Dans une confidence reçue par Jean Mbouendé en 1970, le ministre Kanga lui dira que la France avait effectivement envoyé à Yaoundé en 1960, la somme de 70 000 000 FF soit 35 000 000 Fcfa pour indemniser la concession de Jean Mbouendé réduite par ses forces en cendres.
Le nationaliste n’a jamais reçu un radis, ni sa famille. Ahidjo était président et Charles Onana Awana était ministre des finances.
8- Les pages 900, 916 et 921 parlent de Jean Mbouendé et de son ouvrage autobiographique comme références des thèses et mémoires
9- En termes d’index des principaux lieux, on parle de Mbouendé en renvoyant aux pages 238 351 352, 379, 417, 531, ce qui semble être une erreur.
10- La page 1017 parle des sources orales exploitées par la commission en mentionnant ceci : « Mbouendé Clément, volet « Recherche » de la commission , Bafoussam le 22 mars 2024» au lieu de : « Wensileudjam Mbouendeu Clément, volet « Recherche » de la commission, Bafang, le 22 mars 2024 »

Conclusion

Jean Mbouendé était un acteur historique transversal, qui est entré en politique riche et a utilisé sa richesse et son entregent pour la défense des couches les plus vulnérables.
Le volet « Recherche » de la commission était à Banka-Bafang et a touché du doigt la réalité. C’est pourquoi le docteur Cyril Kenfack, qui avait juste une connaissance parcellaire de Jean Mbouendé avant cette rencontre va conclure :
« Jean Mbouende est une figure syndico-politique emblématique, énigmatique et charismatique au vu de son parcours.
Jusqu’à présent, sa personnalité a fait l’objet de nombreux écrits académiques ou livresques. Et il fera toujours l’objet d’étude et de recherche car il a mené une vie qui tourne autour du syndicalisme, de la politique, de l’économie, de la tradition et autres.
Il a une multitude de facettes et attire toujours la curiosité de toute personne qui s’intéresse à lui.
Il a su faire preuve de détermination, de réalisme, d’abnégation et autres ».

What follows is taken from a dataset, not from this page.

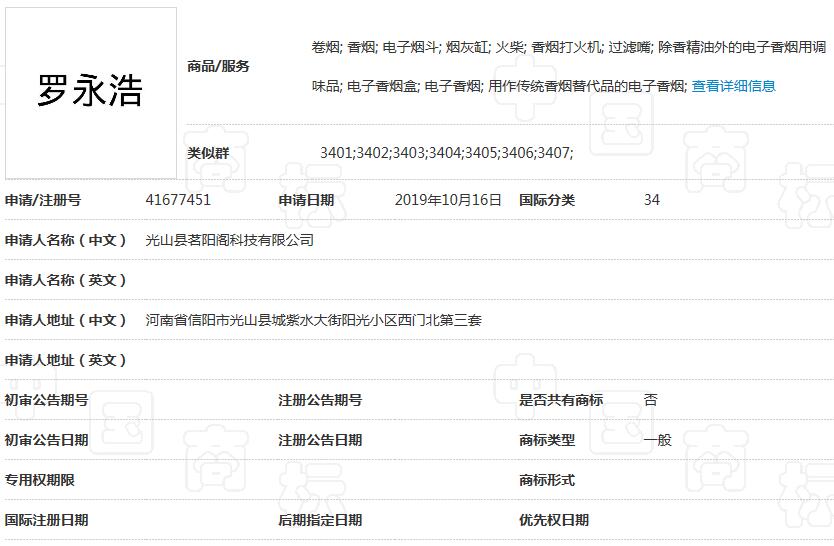 我们最后来看看,老罗的商标布局如何吧?关注老罗的小伙伴应该都注意到,罗永浩的商标在2019年10月就被光山县茗阳阁科技有限公司申请注册了,商标分类为烟草烟具,目前状态为等待实质审查。

Quant au rapport global, il ne peut pas être parfait comme toute œuvre humaine, mais peut être une base de travail pour la perfection.
Le sexe et la couleur des historiens ne devraient pas être des critères pour juger un travail, mais le contenu du travail. Respecte-t’il la démarche scientique ? Juste une réponse cartésienne pourrait faire l’affaire.
Le rapport parle par exemple plutôt de l’utilisation des cartouches incendiaires pour terroriser les populations, c’est déjà un pas, aux autres historiens de démontrer scientifiquement que c’était du Napalm comme cela semble avoir été.

On pourrait également déplorer l’obstruction de la partie camerounaise qui à partir de la loi sur les archives de 2024, a empêché d’utiliser les archives de 1964 à 1971; et la fermeture de certains centres de dépôt d’archives.
SI le travail est mauvais, ce qui n’est pas forcément le cas, il faudrait retenir qu’à partir du mensonge, on.peut retrouver la vérité et savoir surtout que la lumière ne brille véritablement que dans l’ombre.
EN DEFINITIVE, LA France OFFICIELLE ET L’ÉTAT DU CAMEROUN ONT EU LE COURAGE D’ABORDER PUBLIQUEMENT CE SUJET SENSIBLE, CE QU’IL CONVIENT DE SALUER.
LE RAPPORT LES CULPABILISE ASSURÉMENT, ILS SAVENT DONC CE QUI RESTE À FAIRE POUR UNE APOTHÉOSE DÉCRISPANTE.